+++ Records for processing +++
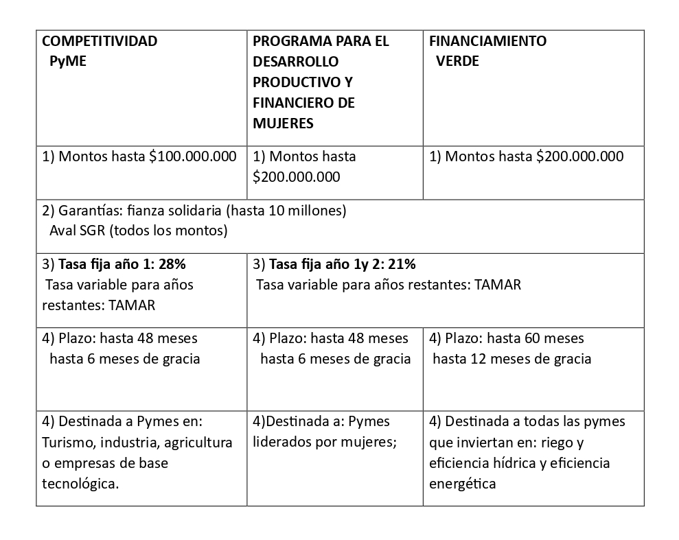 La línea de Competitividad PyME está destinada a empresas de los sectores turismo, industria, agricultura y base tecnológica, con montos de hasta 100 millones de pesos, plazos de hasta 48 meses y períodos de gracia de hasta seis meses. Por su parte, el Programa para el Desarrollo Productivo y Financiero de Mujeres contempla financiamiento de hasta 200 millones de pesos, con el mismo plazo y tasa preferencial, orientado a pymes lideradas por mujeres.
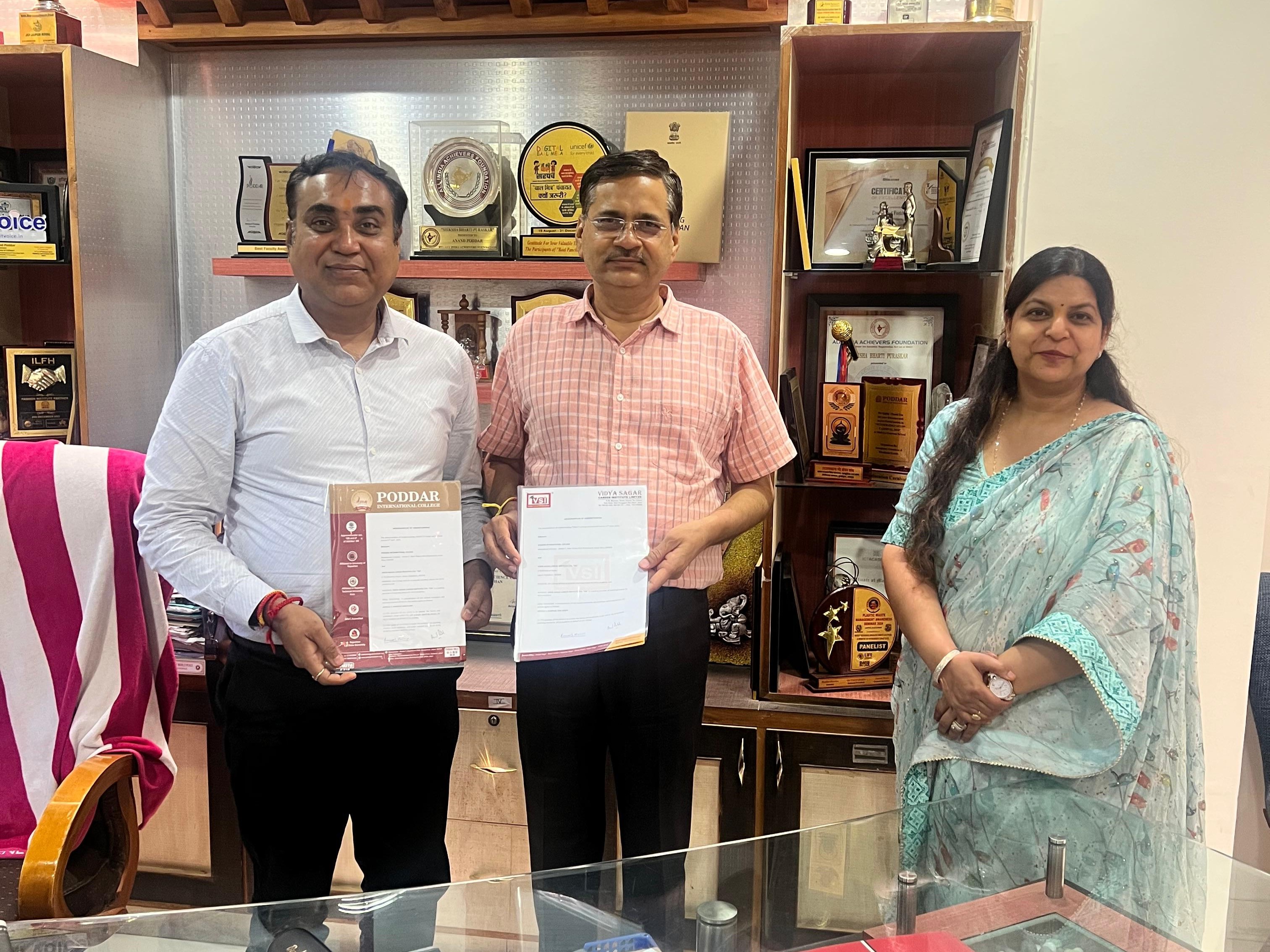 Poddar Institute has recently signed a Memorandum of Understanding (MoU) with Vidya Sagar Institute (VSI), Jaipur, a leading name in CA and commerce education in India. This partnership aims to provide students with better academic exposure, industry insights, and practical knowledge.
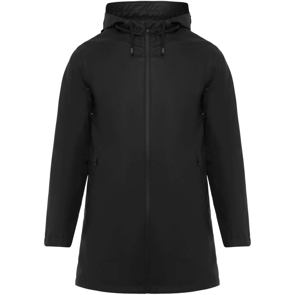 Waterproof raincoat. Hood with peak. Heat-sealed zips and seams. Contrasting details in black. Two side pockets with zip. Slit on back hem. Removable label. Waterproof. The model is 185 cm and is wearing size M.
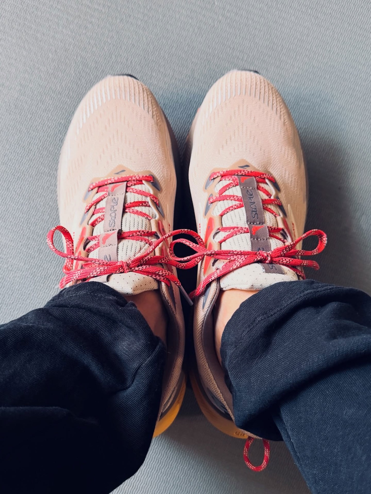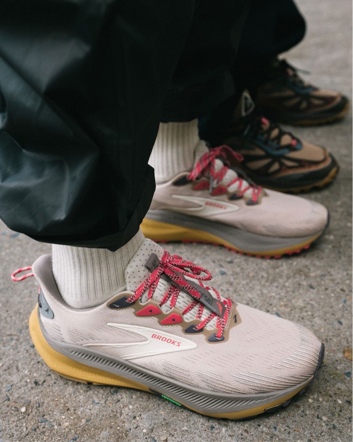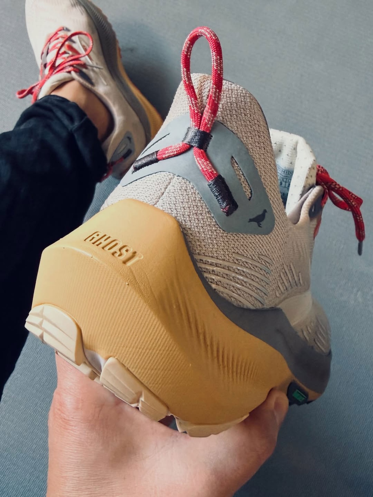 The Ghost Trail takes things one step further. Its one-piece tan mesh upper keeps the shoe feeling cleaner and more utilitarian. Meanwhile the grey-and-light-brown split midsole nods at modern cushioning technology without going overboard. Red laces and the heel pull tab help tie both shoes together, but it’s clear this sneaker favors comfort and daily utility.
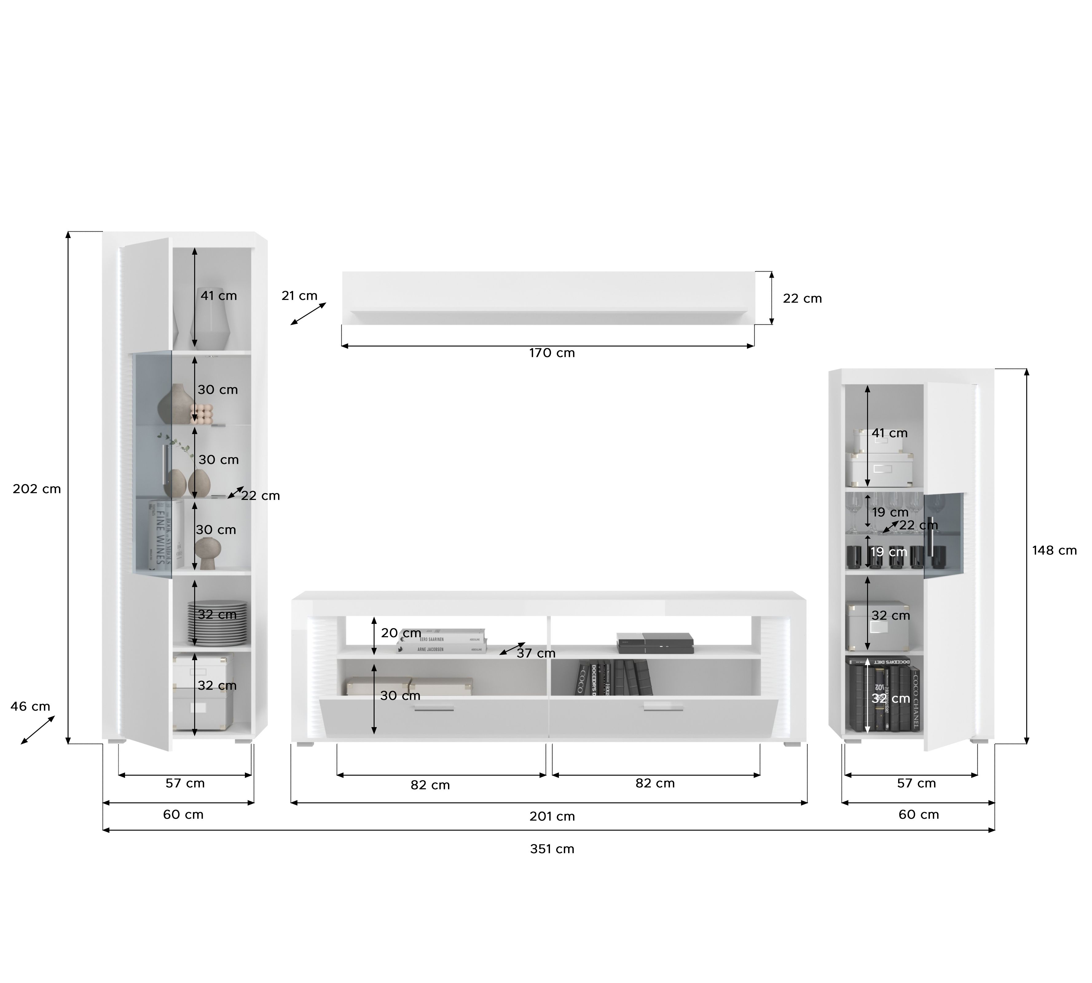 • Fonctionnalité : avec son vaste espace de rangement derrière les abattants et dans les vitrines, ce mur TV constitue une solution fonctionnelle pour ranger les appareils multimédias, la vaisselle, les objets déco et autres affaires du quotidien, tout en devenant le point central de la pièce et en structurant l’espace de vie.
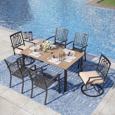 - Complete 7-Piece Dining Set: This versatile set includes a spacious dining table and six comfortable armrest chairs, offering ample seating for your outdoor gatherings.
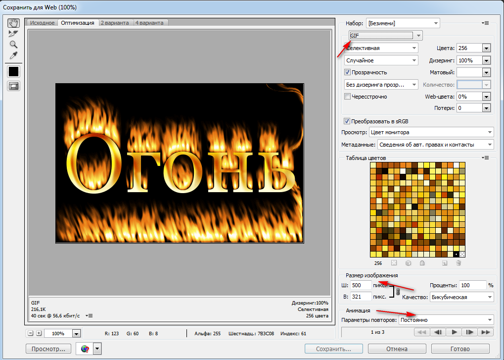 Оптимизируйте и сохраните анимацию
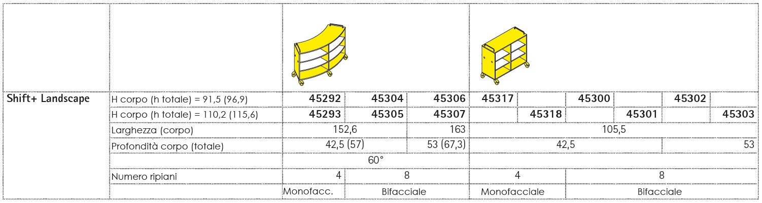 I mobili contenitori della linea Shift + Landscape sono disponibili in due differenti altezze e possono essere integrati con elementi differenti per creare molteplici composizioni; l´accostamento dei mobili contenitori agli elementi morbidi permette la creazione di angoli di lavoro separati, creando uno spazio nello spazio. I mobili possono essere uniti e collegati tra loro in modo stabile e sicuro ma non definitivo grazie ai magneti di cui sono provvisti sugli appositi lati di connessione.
+++
**Exercise brief:** Set the records down again exactly as given, and leave the pictures out.

**Task response:**
 La línea de Competitividad PyME está destinada a empresas de los sectores turismo, industria, agricultura y base tecnológica, con montos de hasta 100 millones de pesos, plazos de hasta 48 meses y períodos de gracia de hasta seis meses. Por su parte, el Programa para el Desarrollo Productivo y Financiero de Mujeres contempla financiamiento de hasta 200 millones de pesos, con el mismo plazo y tasa preferencial, orientado a pymes lideradas por mujeres.
 Poddar Institute has recently signed a Memorandum of Understanding (MoU) with Vidya Sagar Institute (VSI), Jaipur, a leading name in CA and commerce education in India. This partnership aims to provide students with better academic exposure, industry insights, and practical knowledge.
 Waterproof raincoat. Hood with peak. Heat-sealed zips and seams. Contrasting details in black. Two side pockets with zip. Slit on back hem. Removable label. Waterproof. The model is 185 cm and is wearing size M.
 The Ghost Trail takes things one step further. Its one-piece tan mesh upper keeps the shoe feeling cleaner and more utilitarian. Meanwhile the grey-and-light-brown split midsole nods at modern cushioning technology without going overboard. Red laces and the heel pull tab help tie both shoes together, but it’s clear this sneaker favors comfort and daily utility.
 • Fonctionnalité : avec son vaste espace de rangement derrière les abattants et dans les vitrines, ce mur TV constitue une solution fonctionnelle pour ranger les appareils multimédias, la vaisselle, les objets déco et autres affaires du quotidien, tout en devenant le point central de la pièce et en structurant l’espace de vie.
 - Complete 7-Piece Dining Set: This versatile set includes a spacious dining table and six comfortable armrest chairs, offering ample seating for your outdoor gatherings.
 Оптимизируйте и сохраните анимацию
 I mobili contenitori della linea Shift + Landscape sono disponibili in due differenti altezze e possono essere integrati con elementi differenti per creare molteplici composizioni; l´accostamento dei mobili contenitori agli elementi morbidi permette la creazione di angoli di lavoro separati, creando uno spazio nello spazio. I mobili possono essere uniti e collegati tra loro in modo stabile e sicuro ma non definitivo grazie ai magneti di cui sono provvisti sugli appositi lati di connessione.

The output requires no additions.